April 6, 2010

Tel Aviv, Israel — If there were a soundtrack to our days, there is just one tune that really turns strutting around the streets of Tel Aviv into music. “Stereo Love” is our theme song, our jam at the club, and the collective ring tone of our lives, but it doesn’t quite capture the essence of the hip cat that runs this town with her sunglasses on and her too-cool-for-school frown (me), day-to-day, moment-to-moment in the White City. The only beat that envelops all that is “Hermetico” by the Balkan Beat Box.

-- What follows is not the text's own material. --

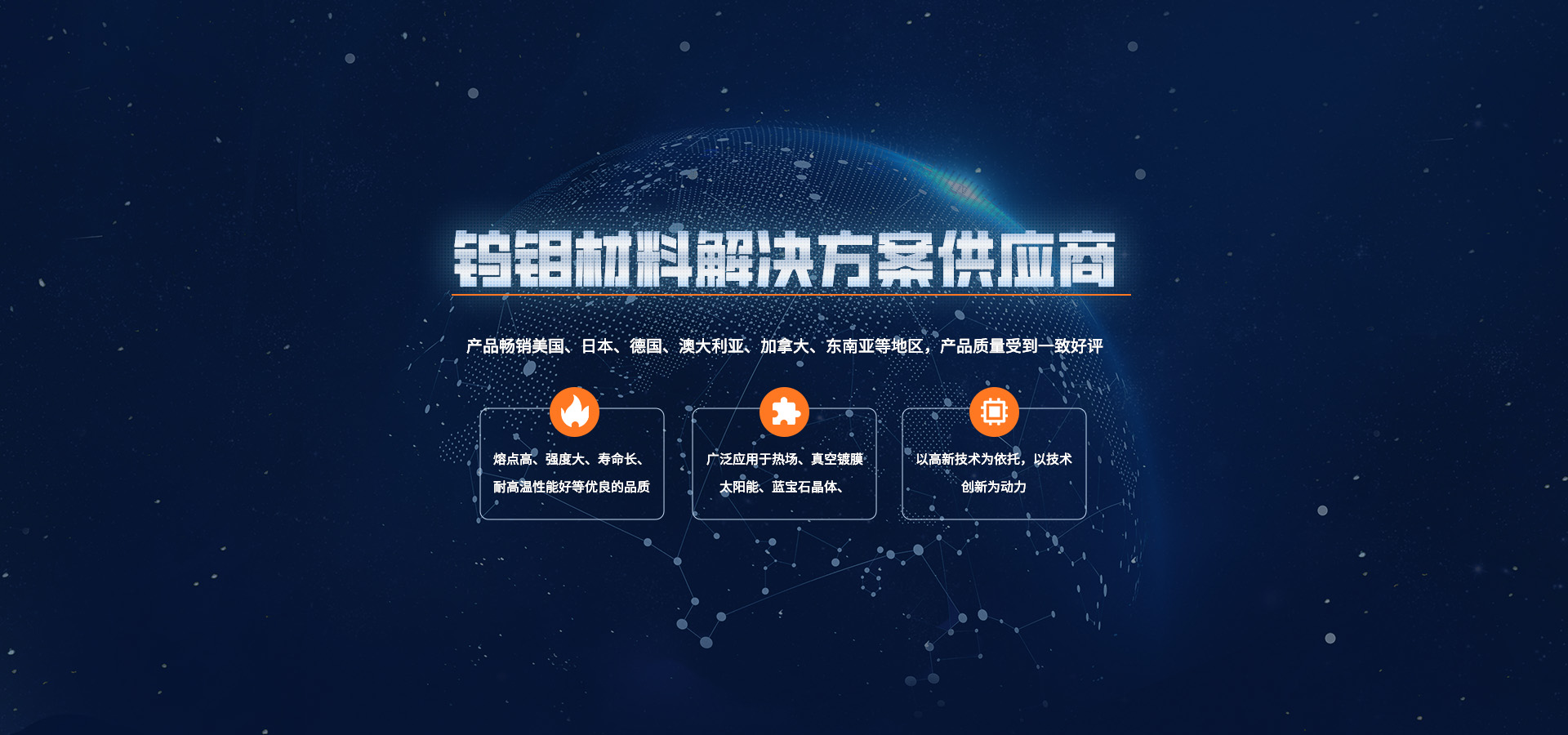 洛陽科神鎢鉬科技有限公司成立于貳零壹柒年陸月,位于洛陽市洛新產(chǎn)業(yè)集聚區(qū)東大科技產(chǎn)業(yè)園W2-4號,現(xiàn)已發(fā)展成為行業(yè)領(lǐng)***先的鎢鉬材料解決方案供應商。本公司下屬的洛陽聚晶鎢鉬科技有限公司東大鎢鉬加工廠是專**業(yè)生產(chǎn)鎢鉬及其合金制品的專**業(yè)制造工廠。所生產(chǎn)的產(chǎn)品以其熔點高、強度大、壽命長、耐高溫性能好等優(yōu)良的品質(zhì)深受國內(nèi)外用戶青睞。本公司生產(chǎn)的“聚晶”牌鎢鉬制品廣泛應用于熱場、真空鍍膜、太陽能、藍寶石晶體、光電子、半導體、特種陶瓷、光源照明、機械部件、玻璃制造、玻璃纖維,耐火纖維,稀土冶金、工業(yè)窯爐等諸多領(lǐng)域。其中,鉬板電極、鉬螺栓、鉬彎條專**業(yè)用于玻璃纖維爐用加熱電極材料;鎢合金棒電極、鉬棒電極、鉬流口、鎢(鉬)板、鎢(鉬)捅針專**業(yè)用于硅酸鋁纖維爐、玻璃電熔窯爐用加熱電極材料;鉬基鎢靶專**業(yè)用于CTX射線管和旋轉(zhuǎn)陽極X射線管;鎢棒、(鎢)鉬坩堝專**業(yè)用于稀土冶金行業(yè);銅鎢合金、碳化鎢銅專**業(yè)用于中、高壓開關(guān)管電觸頭材料;鎢(鉬)坩堝、鎢(鉬)隔熱屏、鎢(鉬)部件專**業(yè)用于真空爐、藍寶石晶體生長爐加熱室;本公司所生產(chǎn)的“聚晶”牌鎢鉬制品以其技術(shù)含量高、耐高溫性能好、電性能優(yōu)良、壽命長等特點,被越來越多的國內(nèi)外企事業(yè)單位,研究機構(gòu)所采用。產(chǎn)品暢銷美國、日本、德國、澳大利亞、加拿大、東南亞等地區(qū),產(chǎn)品質(zhì)量受到一致好評。本企業(yè)已通過ISO9001:2008質(zhì)量管理體系認證,真正以高新**技術(shù)為依托,以技術(shù)創(chuàng)新為動力,以質(zhì)量過硬為宗旨,以誠實守信為信條。竭誠為國內(nèi)外新老客戶提供優(yōu)**質(zhì)的產(chǎn)品、良好的服務。我們熱忱歡迎您的惠顧,歡迎您的合作! 服務理念:誠信溝通零**距離,恭謙服務無極**限。經(jīng)營理念:以人才和技術(shù)為基礎(chǔ),創(chuàng)造出*高品質(zhì)的產(chǎn)品和服務,為人類社會的發(fā)展做出貢獻。品質(zhì)保證:材料,確保*高的性能。我們的傳統(tǒng):創(chuàng)新。創(chuàng)造的技術(shù),新的視角。

“Hermetico” and the Balkan Beat Box’s sound generally is the fusion of so many kinds of Western and Eastern music to make something that is super sophisticated and new, which at its essence is what Tel Aviv is about. A product that is bigger and cooler than the sum of its parts. They’d describe themselves as gypsy-punk, which makes sense considering one of their founders is an ex-member of Gogol Bordello, but their sound is like Beirut meets hip-hop, klezmer meets Jay-Z … Middle East meets Europe and North America via Africa. It’s hard to find any other musical melting pot that competes with Israel’s melting pottyness the except for the melting pottymouths of Balkan Beat Box.

This ain’t your grandma’s gypsy-hip-hop fusion band. Don’t you dare listen without your sunglasses on. Ray-bans preferred.